The committee became operational in June 1975 and initially had 35 members. Its first chair was Missouri's William J. Randall. The committee soon grew to 65 members. Florida's Claude Pepper, a powerful and influential member of Congress known for his commitment to representing the elderly, became chair in 1977 following Randall's retirement. In his late seventies and early eighties while chairing the committee, Pepper was renowned for his fast-paced presence in Congress; he used himself and the committee to focus attention against the problem of age stereotyping. The committee soon grew to 65 members. In 1983, Pepper stepped aside and Edward R. Roybal of California became chair.

During his tenure in Congress, Representative Mario Biaggi was Chairman of the US House Permanent Select Committee on Aging Subcommittee on Human Services.

The committee conducted research and held public hearings into the issues affecting older Americans. Hearings were given titles, such as 1983's "Endless Night, Endless Mourning: Living with Alzheimer's". In particular, the committee held hearings and published a number of reports on elder abuse, including Elder Abuse: An Examination of a Hidden Problem, Elder Abuse: A National Disgrace, and Elder Abuse: A Decade of Shame and Inaction.

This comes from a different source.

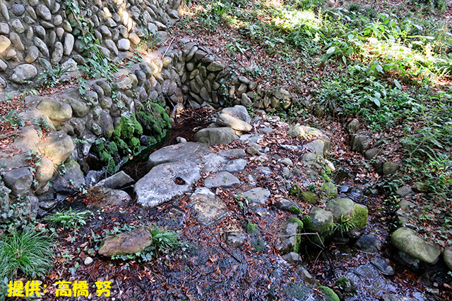 引水してきた水を、石積井戸から流下させる2つの取水溝と四角の「のぞき穴」がある |

The committee's work led to the passage of reform legislation intended to reform nursing home operations and reducing abuse against their patients. Also resulting were increased home care benefits for the aging as well as legislation establishing research and care centers for Alzheimer's disease.

The committee's work came to an end on October 9, 1992, at the conclusion of the 102nd Congress. It was not renewed during the 103rd Congress, as the House was under pressure to reduce its internal costs and to streamline the legislative process.